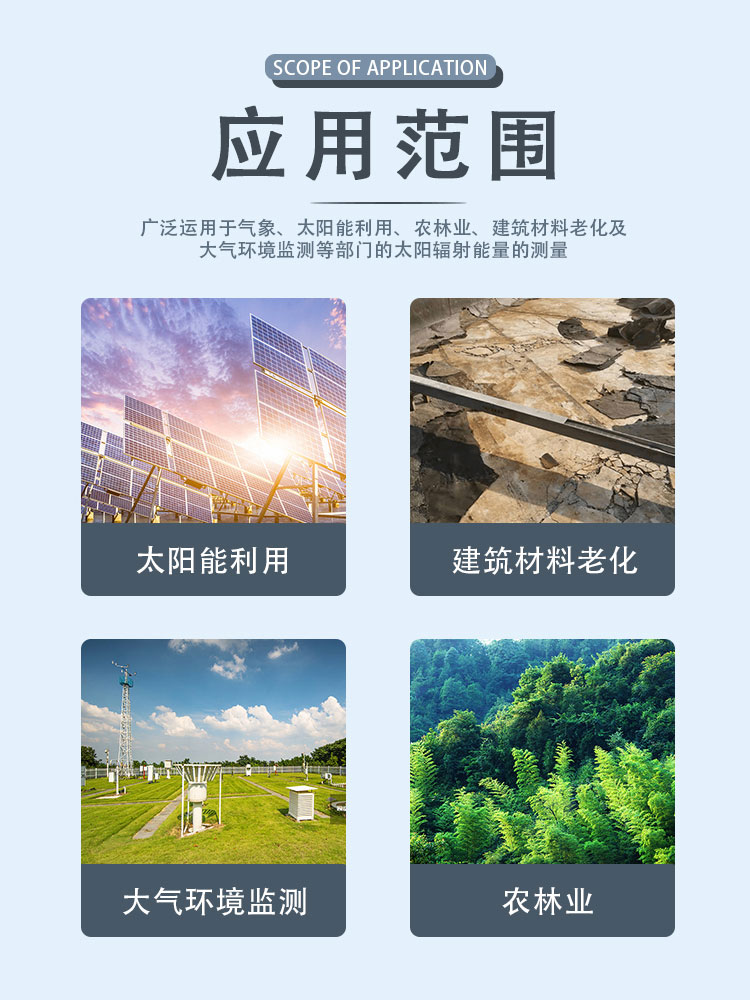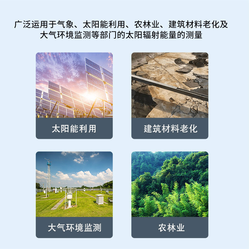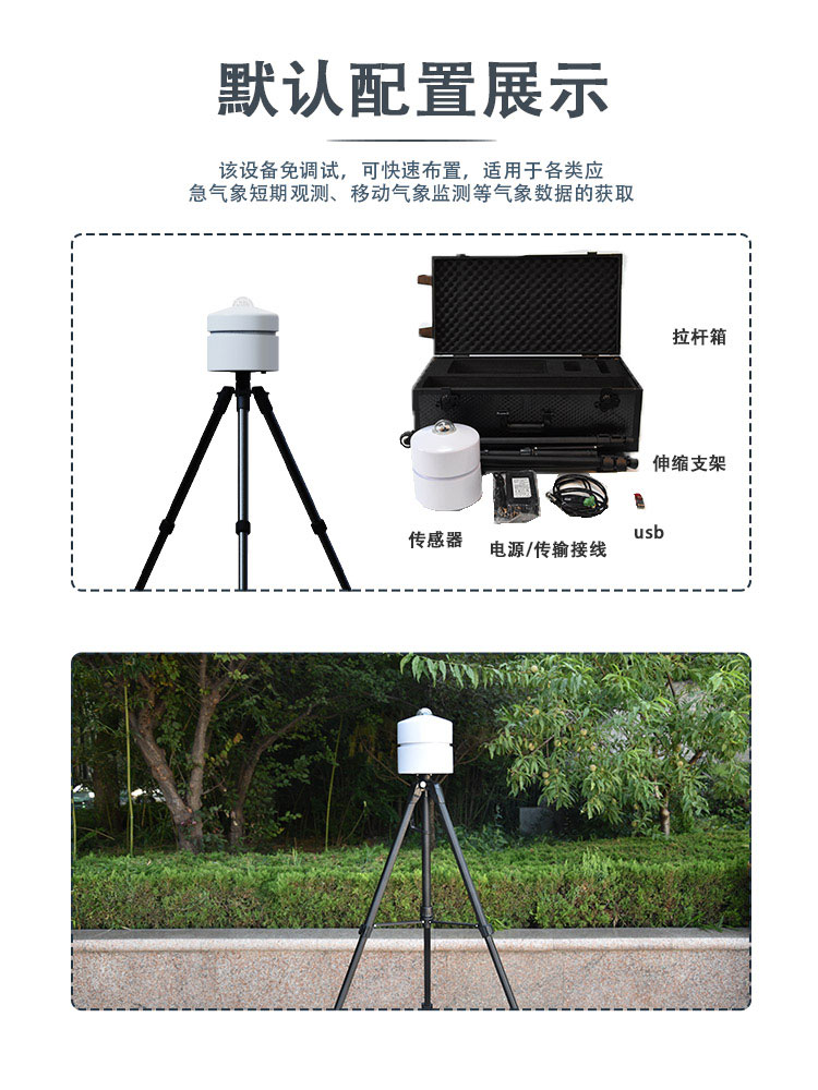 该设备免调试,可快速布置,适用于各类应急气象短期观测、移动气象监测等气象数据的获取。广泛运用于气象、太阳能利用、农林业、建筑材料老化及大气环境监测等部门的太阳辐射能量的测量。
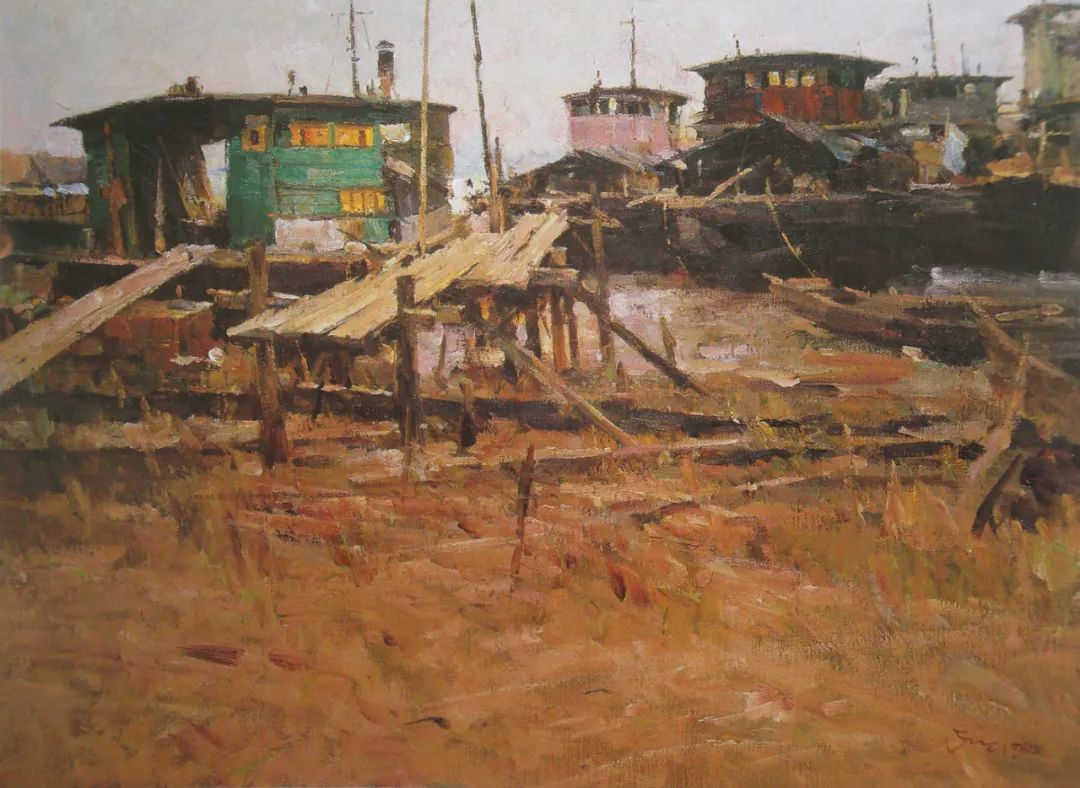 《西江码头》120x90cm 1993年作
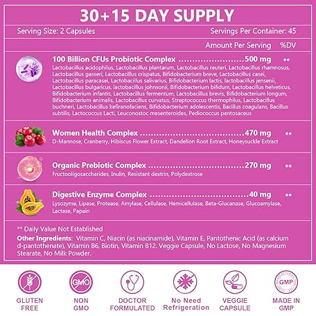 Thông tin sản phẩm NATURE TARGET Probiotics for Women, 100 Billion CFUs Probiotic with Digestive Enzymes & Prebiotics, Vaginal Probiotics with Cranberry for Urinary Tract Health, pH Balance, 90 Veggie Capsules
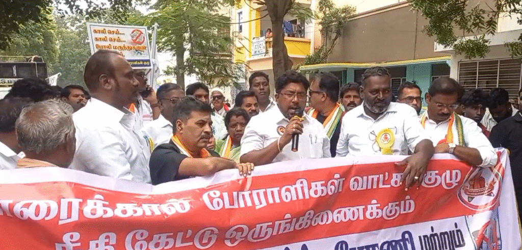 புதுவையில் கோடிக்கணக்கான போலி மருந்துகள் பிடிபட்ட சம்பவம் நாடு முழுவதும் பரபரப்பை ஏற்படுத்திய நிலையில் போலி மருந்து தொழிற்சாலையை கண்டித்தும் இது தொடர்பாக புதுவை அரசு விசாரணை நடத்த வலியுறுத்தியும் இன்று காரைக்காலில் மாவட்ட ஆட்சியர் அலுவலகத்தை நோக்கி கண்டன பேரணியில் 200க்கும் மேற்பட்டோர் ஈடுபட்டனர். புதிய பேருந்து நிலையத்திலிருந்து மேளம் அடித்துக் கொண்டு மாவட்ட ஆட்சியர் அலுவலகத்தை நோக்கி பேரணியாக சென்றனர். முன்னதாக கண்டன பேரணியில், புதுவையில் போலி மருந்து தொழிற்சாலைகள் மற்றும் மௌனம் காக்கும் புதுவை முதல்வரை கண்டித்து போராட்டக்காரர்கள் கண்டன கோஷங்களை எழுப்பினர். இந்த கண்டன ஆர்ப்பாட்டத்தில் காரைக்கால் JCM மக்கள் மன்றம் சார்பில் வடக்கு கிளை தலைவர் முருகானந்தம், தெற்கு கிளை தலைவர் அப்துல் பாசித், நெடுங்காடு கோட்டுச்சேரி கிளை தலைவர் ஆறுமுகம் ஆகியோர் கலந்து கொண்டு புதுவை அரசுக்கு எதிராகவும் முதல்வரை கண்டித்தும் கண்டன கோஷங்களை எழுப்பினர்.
☆ ☆ ☆ ☆ ☆
▶ _INSTRUCTIONS FOR THE TASK_
Look at the listing and set down only the lines from its start through the line with "Thông tin sản", word for word and without pictures.

▶ _RESULT OF THE TASK_
 该设备免调试,可快速布置,适用于各类应急气象短期观测、移动气象监测等气象数据的获取。广泛运用于气象、太阳能利用、农林业、建筑材料老化及大气环境监测等部门的太阳辐射能量的测量。
 《西江码头》120x90cm 1993年作
 Thông tin sản phẩm NATURE TARGET Probiotics for Women, 100 Billion CFUs Probiotic with Digestive Enzymes & Prebiotics, Vaginal Probiotics with Cranberry for Urinary Tract Health, pH Balance, 90 Veggie Capsules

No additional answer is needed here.